The averaging approach assumes that the meaning of a sentence is the sum (or mean) of the meanings of its words. This is a strong assumption that is often wrong.

Consider the query: "What is the difference between X and Y?"

Averaging the word vectors gives you a point in 300-dim space that is influenced by "difference," "X," and "Y." But the actual meaning of the query is about the relation between X and Y — the difference. The mean-of-words representation has no way to encode that relational structure.

Another example: "How do I cook a chicken?" vs "Should I cook a chicken?"

The two sentences have nearly identical word vectors. The average is nearly identical. But they ask different things — one is procedural, one is asking for advice. Word averaging cannot distinguish them.

A third example, more concrete: "the cat sat on the mat" vs "the mat sat on the cat"

Same words, opposite meaning. The mean-of-word-vectors is identical. The information that matters — word order — is completely lost.

This is the bag-of-words problem dressed up in continuous vectors. The averaging approach inherits all the limitations of treating language as a multiset of words.

What Sentence Transformers Do Differently

A sentence transformer is trained to embed a whole sentence into a vector that captures its meaning. Internally it still uses word vectors (subword token embeddings, to be precise), but the model applies multiple transformer layers that mix the word vectors based on their context.

The key operation is self-attention. Each token's representation is updated based on every other token in the sentence:

attention(Q, K, V) = softmax(QK^T / sqrt(d)) * V

After 6 or 12 layers of this, each token's representation has been informed by the entire sentence context. The final sentence embedding is typically a pooling operation over the token embeddings (mean-pool, CLS-token, etc.).

The result: the vector for "the cat sat on the mat" is different from the vector for "the mat sat on the cat." The self-attention has encoded word order and syntactic structure into the final representation.

This is not magic. It is just a model that has learned to produce vectors where semantic similarity (the thing we care about for retrieval) corresponds to cosine similarity in vector space. That alignment is what the contrastive training objective gives us.

The Performance Difference

We benchmarked the two approaches on a held-out set of 500 (query, relevant-document) pairs from the game-theory knowledge base. The metric is recall@5 — the fraction of queries where the relevant document is in the top 5 retrieved.

| Method | Recall@5 | |---|---| | Word-vector average (Word2Vec) | 0.41 | | TF-IDF (lexical baseline) | 0.58 | | BM25 (sparse retrieval) | 0.72 | | MiniLM-L6-v2 (sentence transformer) | 0.79 | | BM25 + MiniLM (hybrid) | 0.86 |

The sentence transformer alone beats the lexical baselines. Combining it with BM25 (see our retrieval post) beats either alone. The word-vector average is the worst — worse than even TF-IDF, because it loses word order information that even a simple lexical matcher preserves.
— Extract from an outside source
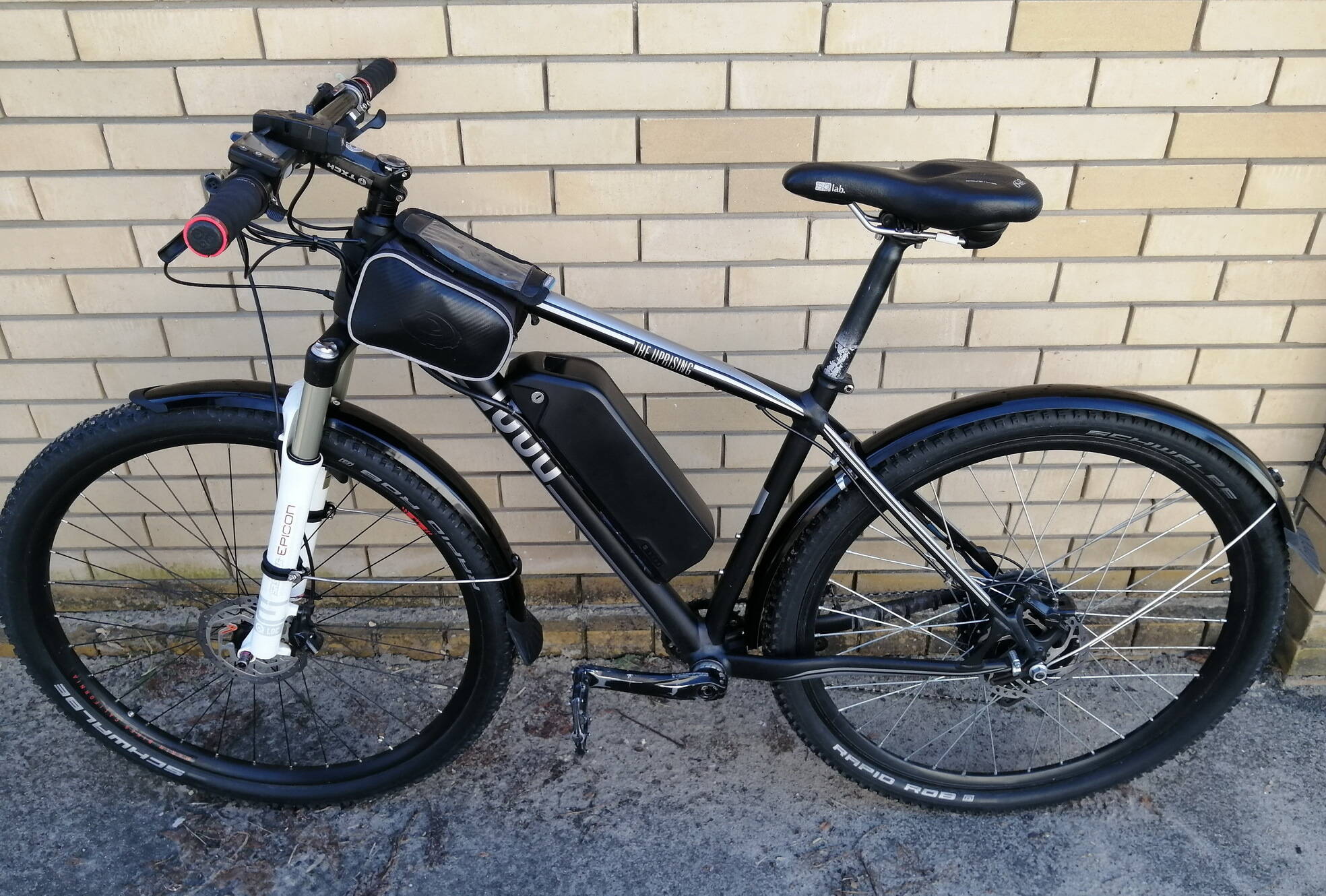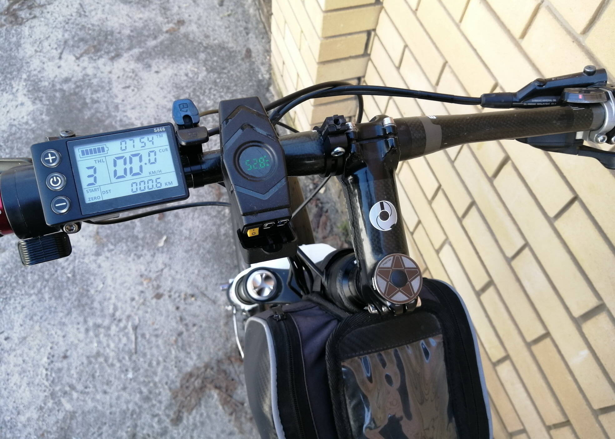На руле установлено устройство, показывающее вольтаж аккумулятора (чтобы видеть реальный остаточный заряд) с двумя USB выходами для зарядки телефона и фары (можно использовать батарею в качестве power bank).

When Word Vectors Are Useful

Word embeddings are not useless. They are great for:

Vocabulary expansion — finding synonyms ("car" ↔ "automobile")
Word-level analogies — "king - man + woman ≈ queen"
Out-of-vocabulary handling — subword models (fastText) can embed words they have never seen
Tiny models — when you cannot afford a transformer at all

For Q&A retrieval specifically, they are a poor fit. The unit of meaning is the sentence, not the word.

The Practical Takeaway

If you are building a Q&A retrieval system today, use a sentence transformer. The cost is 22 MB (quantized MiniLM) and ~15 ms per query on a mid-range laptop. The benefit over word averaging is dramatic — roughly 2x recall on real queries.
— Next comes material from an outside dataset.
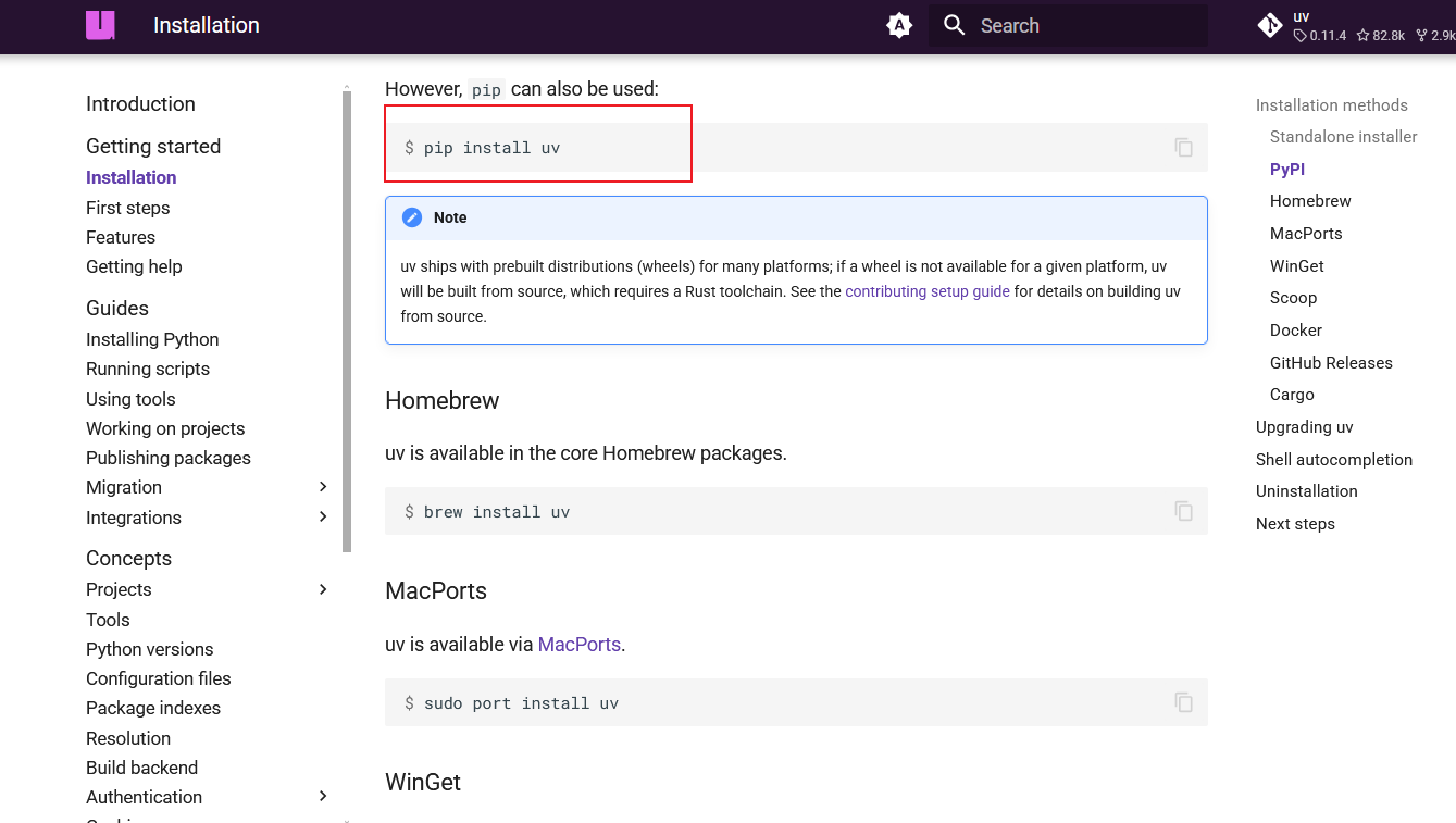 - pip安装: 可以通过pip install uv或pipx install uv进行安装,后者推荐用于隔离环境。

If you absolutely cannot load a transformer (some embedded systems, very strict size budgets), use a strong lexical baseline (BM25) and accept the lower recall. Word averaging is not a good middle ground — it is the worst of both worlds: slow by transformer standards, inaccurate by lexical standards.

The right tool for the job depends on the job. For Q&A retrieval, the job is sentence-level meaning, and the right tool is a sentence transformer.